What is needed
Each line in the material below, starting at the one that contains "Esta cadena de" and ending at the one that contains "BR report on", should be repeated exactly; the pictures should not.

Data listing
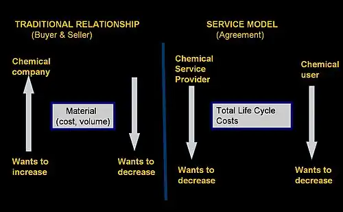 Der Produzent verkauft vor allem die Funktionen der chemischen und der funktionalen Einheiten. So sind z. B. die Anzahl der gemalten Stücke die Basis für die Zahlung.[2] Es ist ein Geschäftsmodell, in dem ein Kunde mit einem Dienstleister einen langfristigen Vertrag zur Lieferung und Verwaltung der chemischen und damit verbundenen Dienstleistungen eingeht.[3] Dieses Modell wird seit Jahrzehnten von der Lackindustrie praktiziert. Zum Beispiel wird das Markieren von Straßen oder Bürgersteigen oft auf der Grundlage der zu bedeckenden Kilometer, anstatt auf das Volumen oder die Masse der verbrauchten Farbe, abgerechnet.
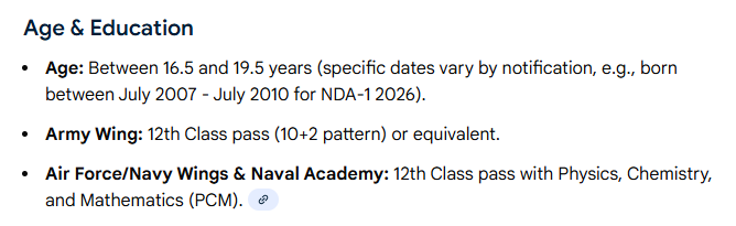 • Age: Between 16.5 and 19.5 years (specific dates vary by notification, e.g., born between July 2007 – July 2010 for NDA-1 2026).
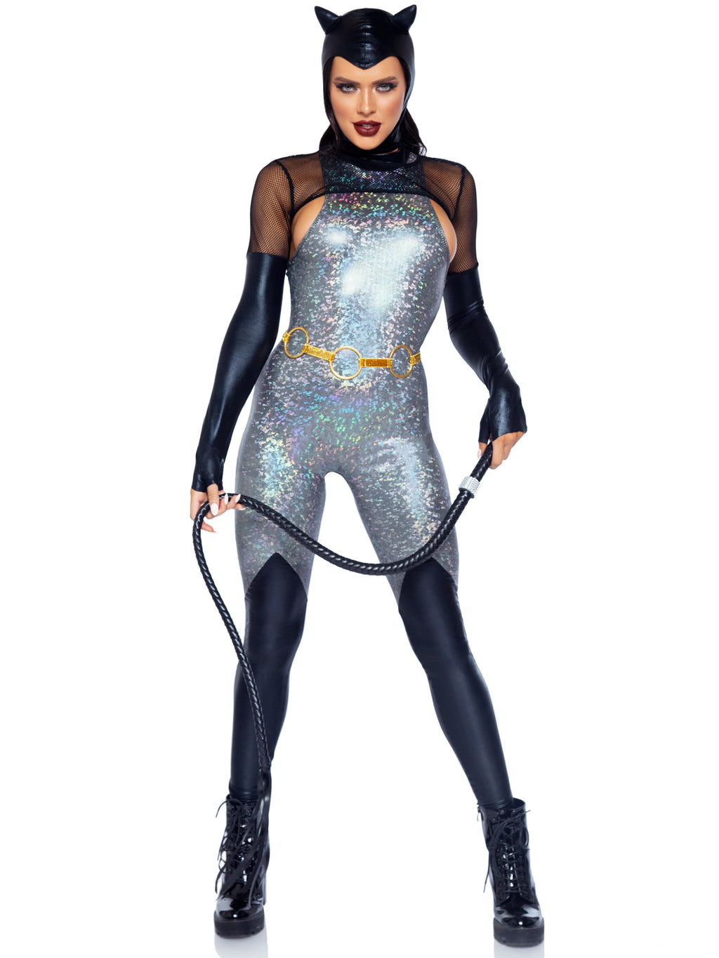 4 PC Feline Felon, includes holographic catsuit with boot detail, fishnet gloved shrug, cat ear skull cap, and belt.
* * *
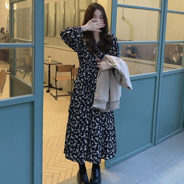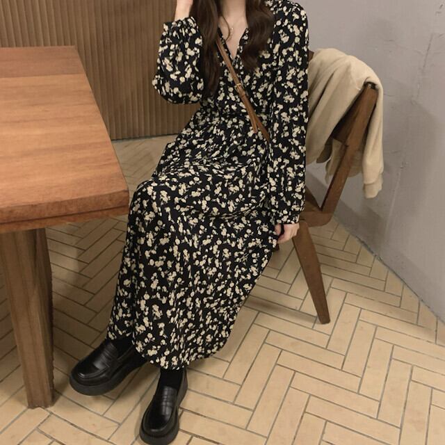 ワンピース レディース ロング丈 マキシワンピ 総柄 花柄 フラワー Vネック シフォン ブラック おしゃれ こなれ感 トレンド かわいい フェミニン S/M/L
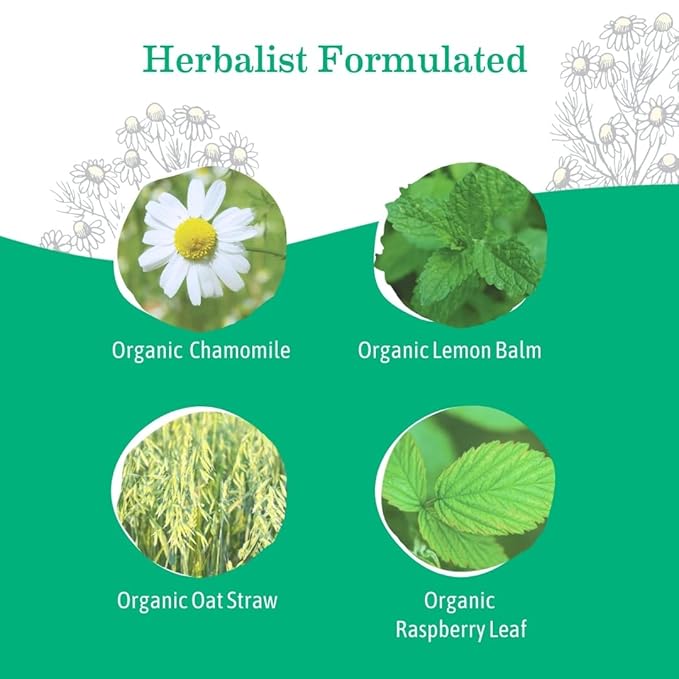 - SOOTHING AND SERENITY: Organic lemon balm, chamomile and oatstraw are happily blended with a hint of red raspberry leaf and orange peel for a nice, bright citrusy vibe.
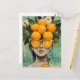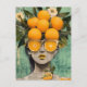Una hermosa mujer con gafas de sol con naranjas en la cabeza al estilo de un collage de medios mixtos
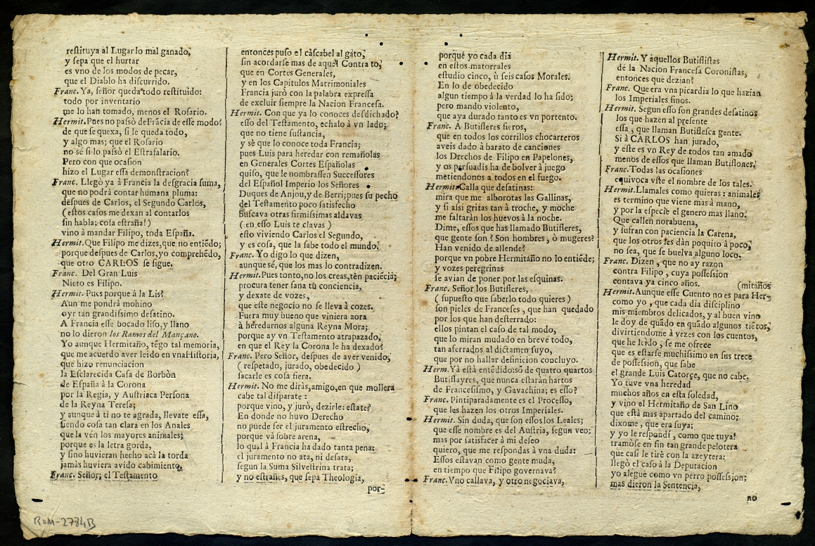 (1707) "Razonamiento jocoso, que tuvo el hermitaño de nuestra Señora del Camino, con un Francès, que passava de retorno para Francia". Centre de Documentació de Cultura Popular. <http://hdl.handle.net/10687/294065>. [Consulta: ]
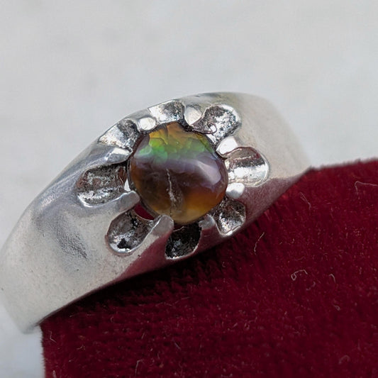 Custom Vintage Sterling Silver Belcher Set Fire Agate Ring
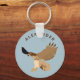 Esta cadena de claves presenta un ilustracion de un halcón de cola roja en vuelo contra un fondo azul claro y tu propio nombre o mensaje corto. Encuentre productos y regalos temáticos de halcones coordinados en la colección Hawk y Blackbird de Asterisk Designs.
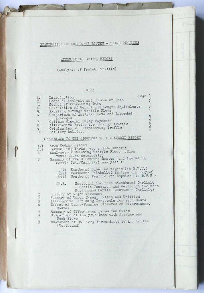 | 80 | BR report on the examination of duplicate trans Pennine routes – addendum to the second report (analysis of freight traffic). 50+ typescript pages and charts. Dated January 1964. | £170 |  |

Exercise response
 Esta cadena de claves presenta un ilustracion de un halcón de cola roja en vuelo contra un fondo azul claro y tu propio nombre o mensaje corto. Encuentre productos y regalos temáticos de halcones coordinados en la colección Hawk y Blackbird de Asterisk Designs.
 | 80 | BR report on the examination of duplicate trans Pennine routes – addendum to the second report (analysis of freight traffic). 50+ typescript pages and charts. Dated January 1964. | £170 |  |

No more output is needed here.